━━ Supplied data
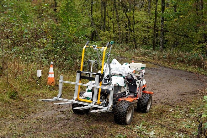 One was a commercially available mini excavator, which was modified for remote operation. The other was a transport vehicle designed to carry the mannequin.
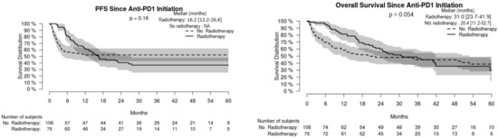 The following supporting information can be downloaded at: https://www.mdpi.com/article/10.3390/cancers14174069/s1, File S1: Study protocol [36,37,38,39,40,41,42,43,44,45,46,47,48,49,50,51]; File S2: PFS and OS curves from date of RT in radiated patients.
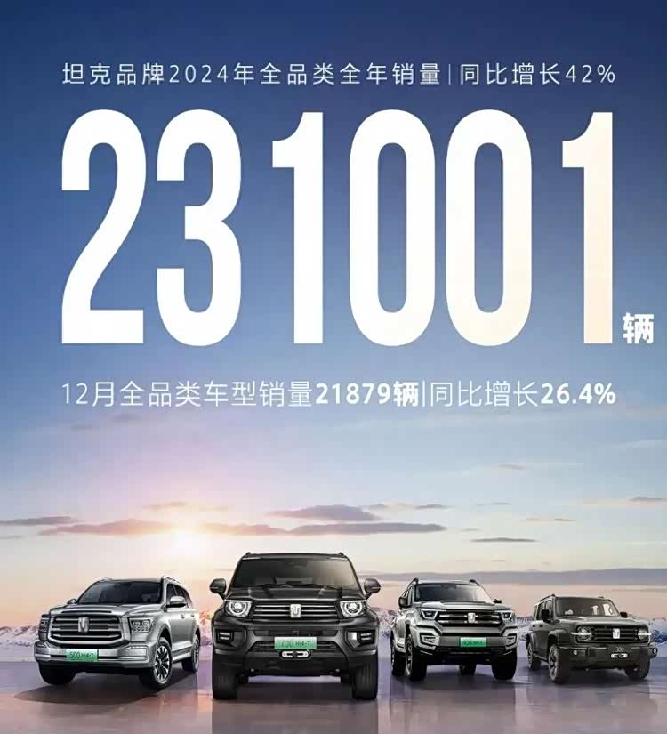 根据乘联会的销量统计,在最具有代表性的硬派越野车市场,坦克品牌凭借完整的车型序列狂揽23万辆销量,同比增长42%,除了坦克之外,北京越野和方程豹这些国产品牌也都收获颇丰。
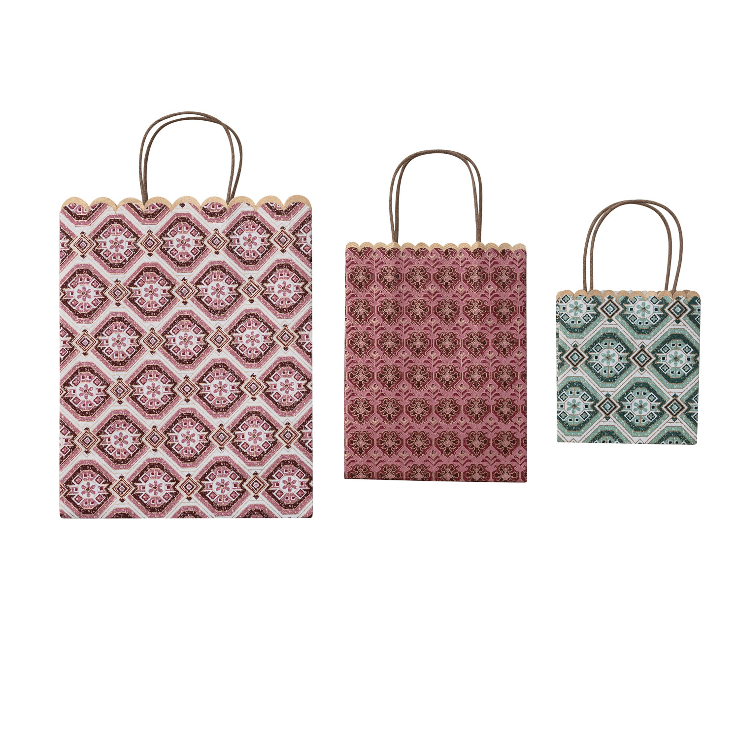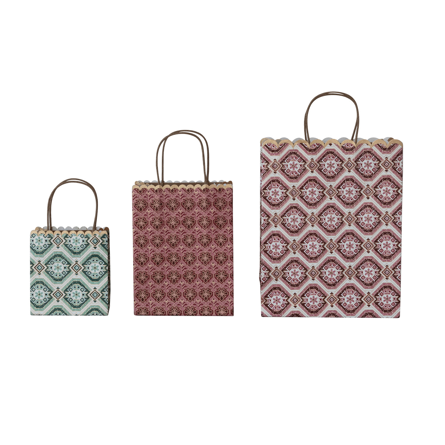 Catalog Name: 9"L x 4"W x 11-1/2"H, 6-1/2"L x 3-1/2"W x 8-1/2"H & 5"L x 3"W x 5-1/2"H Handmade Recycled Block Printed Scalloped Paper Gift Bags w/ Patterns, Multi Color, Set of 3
━━━━
━━ Supplied data
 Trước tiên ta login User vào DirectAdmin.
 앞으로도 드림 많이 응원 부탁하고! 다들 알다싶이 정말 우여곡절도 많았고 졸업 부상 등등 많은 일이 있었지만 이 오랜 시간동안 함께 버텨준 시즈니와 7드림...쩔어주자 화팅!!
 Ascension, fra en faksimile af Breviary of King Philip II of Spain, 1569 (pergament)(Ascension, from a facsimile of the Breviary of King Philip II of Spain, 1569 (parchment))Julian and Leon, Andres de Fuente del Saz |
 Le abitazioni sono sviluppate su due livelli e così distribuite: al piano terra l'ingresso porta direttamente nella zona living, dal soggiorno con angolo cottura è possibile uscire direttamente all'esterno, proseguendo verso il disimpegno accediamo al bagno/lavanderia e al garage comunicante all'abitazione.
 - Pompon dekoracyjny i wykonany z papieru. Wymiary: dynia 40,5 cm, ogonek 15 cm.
━━━━
━━ Supplied data
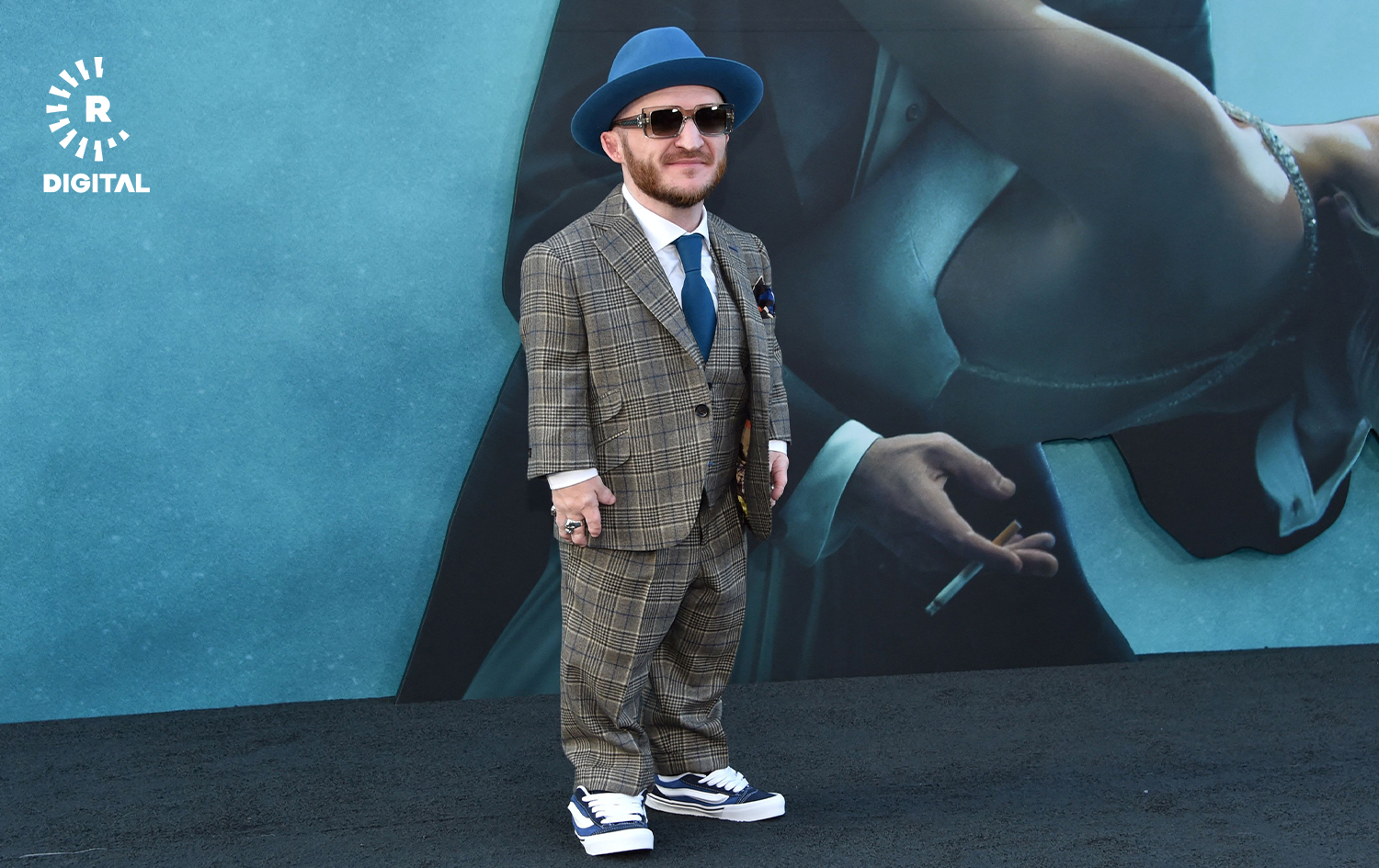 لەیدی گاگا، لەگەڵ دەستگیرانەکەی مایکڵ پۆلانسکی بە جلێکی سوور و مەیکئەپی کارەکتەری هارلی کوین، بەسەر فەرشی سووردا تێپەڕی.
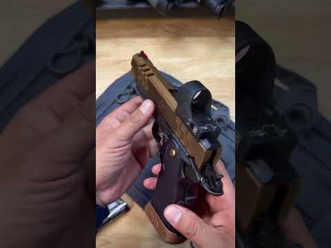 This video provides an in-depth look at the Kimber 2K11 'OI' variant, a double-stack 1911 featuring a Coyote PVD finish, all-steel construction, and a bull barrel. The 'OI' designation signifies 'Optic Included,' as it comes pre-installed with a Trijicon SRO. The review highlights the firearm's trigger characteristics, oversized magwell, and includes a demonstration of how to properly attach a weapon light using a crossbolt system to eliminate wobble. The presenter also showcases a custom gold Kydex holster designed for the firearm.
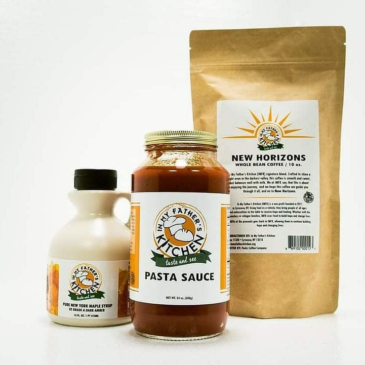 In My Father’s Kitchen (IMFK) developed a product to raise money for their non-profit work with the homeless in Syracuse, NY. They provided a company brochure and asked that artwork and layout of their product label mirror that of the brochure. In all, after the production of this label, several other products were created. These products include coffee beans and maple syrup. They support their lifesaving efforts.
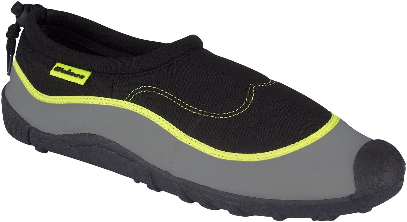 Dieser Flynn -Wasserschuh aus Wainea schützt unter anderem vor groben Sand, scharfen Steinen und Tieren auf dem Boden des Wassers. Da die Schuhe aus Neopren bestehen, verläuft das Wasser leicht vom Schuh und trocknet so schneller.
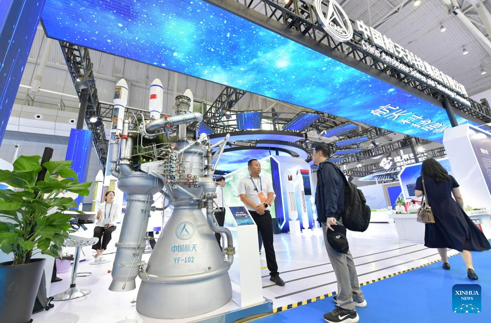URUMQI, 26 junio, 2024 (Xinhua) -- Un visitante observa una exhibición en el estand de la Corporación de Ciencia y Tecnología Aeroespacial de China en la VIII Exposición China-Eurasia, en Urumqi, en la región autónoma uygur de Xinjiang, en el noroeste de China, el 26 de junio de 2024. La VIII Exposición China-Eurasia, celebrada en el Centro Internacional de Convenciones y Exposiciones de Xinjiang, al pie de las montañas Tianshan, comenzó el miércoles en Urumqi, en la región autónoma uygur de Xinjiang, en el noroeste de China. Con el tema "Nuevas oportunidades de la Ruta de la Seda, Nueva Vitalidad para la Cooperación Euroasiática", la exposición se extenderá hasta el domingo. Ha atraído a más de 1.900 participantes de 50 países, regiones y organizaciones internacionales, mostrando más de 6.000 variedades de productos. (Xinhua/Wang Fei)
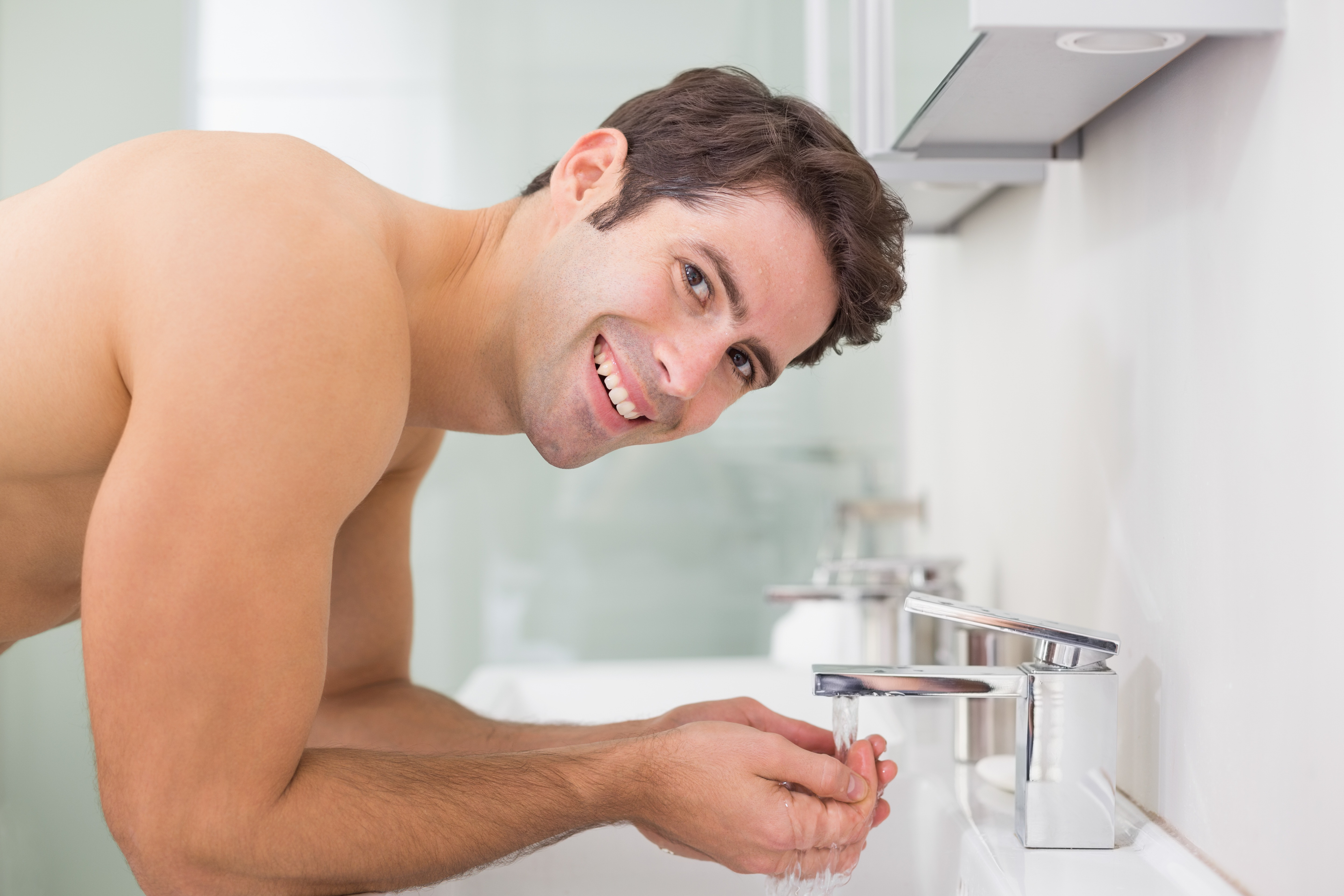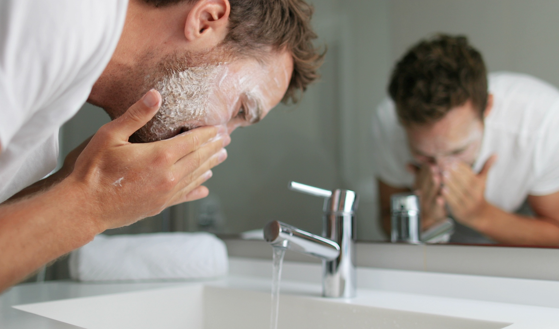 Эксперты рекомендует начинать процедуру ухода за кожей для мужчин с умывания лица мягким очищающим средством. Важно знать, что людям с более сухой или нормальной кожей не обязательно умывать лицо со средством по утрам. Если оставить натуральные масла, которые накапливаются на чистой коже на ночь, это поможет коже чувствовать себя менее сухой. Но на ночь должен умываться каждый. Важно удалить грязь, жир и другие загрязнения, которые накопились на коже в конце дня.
━━━━
● **Work to be completed**
Go to the line with "Trước tiên ta login User vào DirectAdmin." in the entries above and repeat every line from there through the line with "앞으로도 드림 많이 응원", exactly and with no other text.

● **Response box**
 Trước tiên ta login User vào DirectAdmin.
 앞으로도 드림 많이 응원 부탁하고! 다들 알다싶이 정말 우여곡절도 많았고 졸업 부상 등등 많은 일이 있었지만 이 오랜 시간동안 함께 버텨준 시즈니와 7드림...쩔어주자 화팅!!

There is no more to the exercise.